In this preamble, we load the gstlearn library and clean the workspace.
rm(list=ls())
library(gstlearn)
library(ggplot2)
library(ggpubr)
library(ggnewscale)
plot.setDefaultGeographic(dims=c(8,8))
We load two data bases:
dat containing point observations of two variables across Scotland: the elevation (Elevation) and the temperature (January_temp, then renamed as Temperature)target containing a grid of points covering Scotland with a selection variable (inshore) selecting the points that are on land, and a variable (Elevation) giving the elevation at every point on land## Data points
fileNF = loadData("Scotland", "Scotland_Temperatures.NF")

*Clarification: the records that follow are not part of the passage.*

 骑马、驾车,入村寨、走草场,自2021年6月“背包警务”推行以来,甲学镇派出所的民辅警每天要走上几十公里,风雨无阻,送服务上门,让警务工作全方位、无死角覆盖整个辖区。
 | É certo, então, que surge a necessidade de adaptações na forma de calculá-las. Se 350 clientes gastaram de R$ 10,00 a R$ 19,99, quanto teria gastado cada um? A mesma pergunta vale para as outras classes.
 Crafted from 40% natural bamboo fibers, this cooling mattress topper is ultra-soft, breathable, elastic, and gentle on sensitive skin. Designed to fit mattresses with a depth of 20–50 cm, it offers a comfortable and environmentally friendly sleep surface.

dat = Db_createFromNF(fileNF)
### Rename the temperature variable
dat$setName("*temp", "Temperature")
## Target grid
fileNF = loadData("Scotland", "Scotland_Elevations.NF")

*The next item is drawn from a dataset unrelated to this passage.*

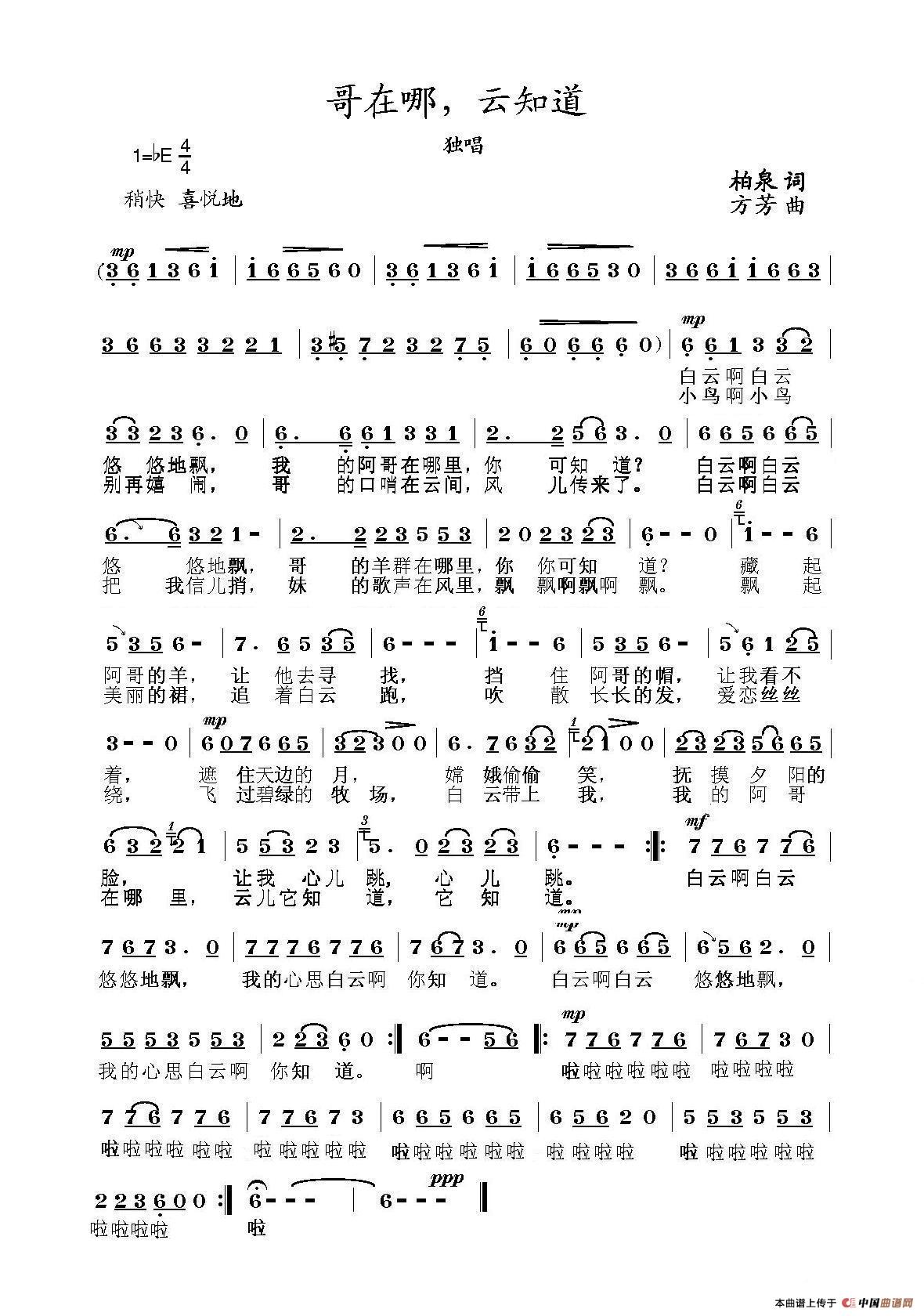 白云啊白云悠悠地飘,我的阿哥在哪里,你可知道?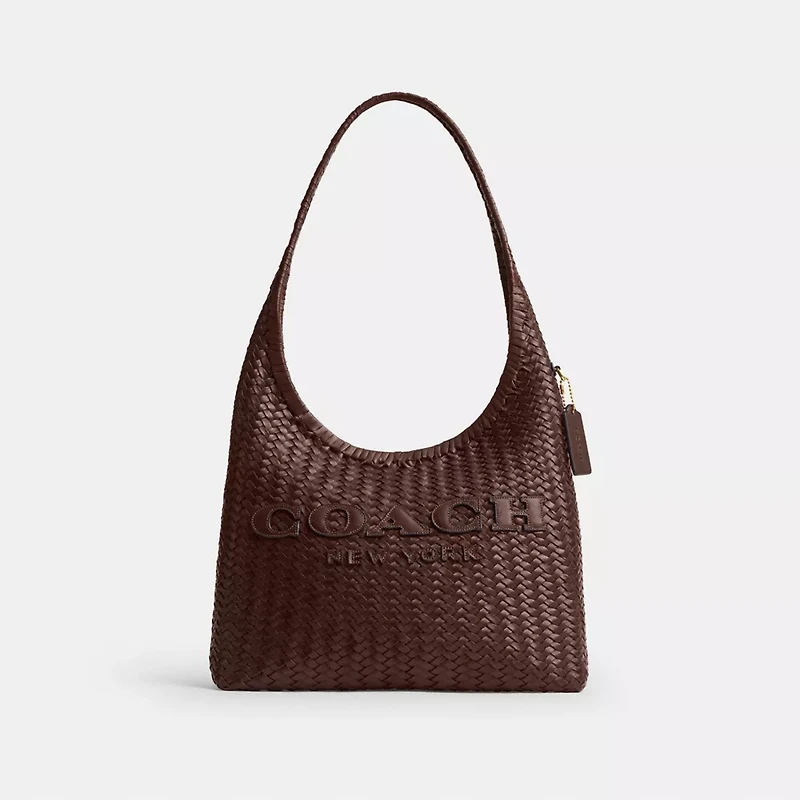 Our Brooklyn is an elegant, minimalist silhouette—with a distinctly New York attitude. Crafted of soft leather intricately woven by hand in a process that takes over 27 hours to complete, this mid-sized hobo style features a roomy interior with a snap pocket for access to essentials. The streamlined 34 is finished with a comfortable, wide shoulder strap, an easy magnetic snap closure and our tonal Coach graphic.

target = DbGrid_createFromNF(fileNF)
The target data base a (grid) map of the elevation across Scotland.
target
##
## Data Base Grid Characteristics
## ==============================
##
## Data Base Summary
## -----------------
## File is organized as a regular grid
## Space dimension = 2
## Number of Columns = 4
## Total number of samples = 11097
## Number of active samples = 3092
##
## Grid characteristics:
## ---------------------
## Origin : 65.000 535.000
## Mesh : 4.938 4.963
## Number : 81 137
##
## Variables
## ---------
## Column = 0 - Name = Longitude - Locator = x1
## Column = 1 - Name = Latitude - Locator = x2
## Column = 2 - Name = Elevation - Locator = f1
## Column = 3 - Name = inshore - Locator = sel
Let us plot its content.
ggDefaultGeographic() + plot(target, nameRaster="Elevation",
flagLegendRaster=TRUE,palette="Spectral",
legendNameRaster="Elevation (m)")
The dat data base contains 236 (point) samples of two variables across Scotland: elevation and temperature.
dat
##
## Data Base Characteristics
## =========================
##
## Data Base Summary
## -----------------
## File is organized as a set of isolated points
## Space dimension = 2
## Number of Columns = 5
## Total number of samples = 236
##
## Variables
## ---------
## Column = 0 - Name = rank - Locator = NA
## Column = 1 - Name = Longitude - Locator = x1
## Column = 2 - Name = Latitude - Locator = x2
## Column = 3 - Name = Elevation - Locator = NA
## Column = 4 - Name = Temperature - Locator = z1
We can use the dbStatisticsPrint function to compute statistics on variables of a Db. We specify
Db of interest (argument db),names),opers). This last argument is set through a EStatOption_fromKeys function, which we call with a vector containing the (abbreviated) names of the statistics (run EStatOption_printAll() for the full list)flagIso allowing to specify whether we want to compute the statistics for each variable separately (flagIso=TRUE), or whether we want to compute "filtered" statistics (flagIso=FALSE). In the latter case, we compute the statistics while only using the points where all the variables are defined.For instance, let us count the number of observations of each variable using the dbStatisticsPrint.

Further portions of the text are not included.